Task instructions: Without reproducing any image, print the listing below exactly.
::: Given information :::
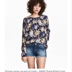 EUC H&M Floral Print Long Sleeve Blouse - Navy/Floral, 4/Small$15Renton, WA
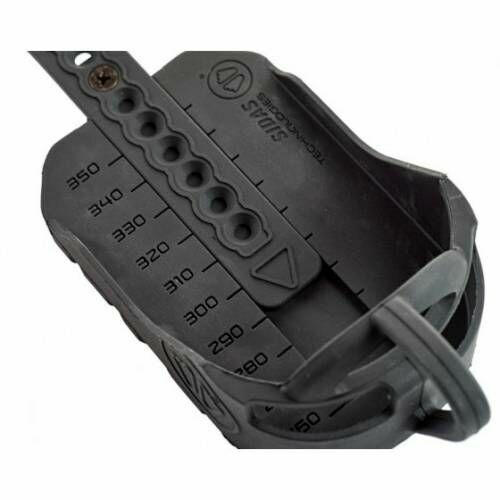 > Dopasuj trakcję buta narciarskiego do odpowiedniego rozmiaru (zaokrąglając w dół). Końcówka strzałki wskazuje wybrany rozmiar.
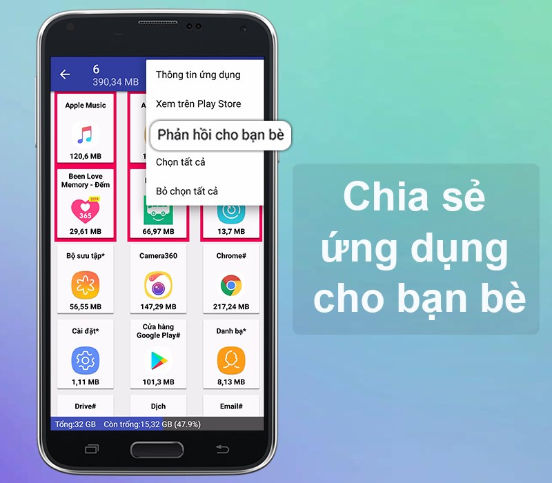 Đến với ứng dụng AppMgr III (App 2 SD), bạn dễ dàng chia sẻ danh sách ứng dụng trên thiết bị với bạn bè thông qua tin nhắn. Bạn có thể chia sẻ những ứng dụng hữu ích đến bạn bè và người thân.
:::
Response to the exercise:
 EUC H&M Floral Print Long Sleeve Blouse - Navy/Floral, 4/Small$15Renton, WA
 > Dopasuj trakcję buta narciarskiego do odpowiedniego rozmiaru (zaokrąglając w dół). Końcówka strzałki wskazuje wybrany rozmiar.
 Đến với ứng dụng AppMgr III (App 2 SD), bạn dễ dàng chia sẻ danh sách ứng dụng trên thiết bị với bạn bè thông qua tin nhắn. Bạn có thể chia sẻ những ứng dụng hữu ích đến bạn bè và người thân.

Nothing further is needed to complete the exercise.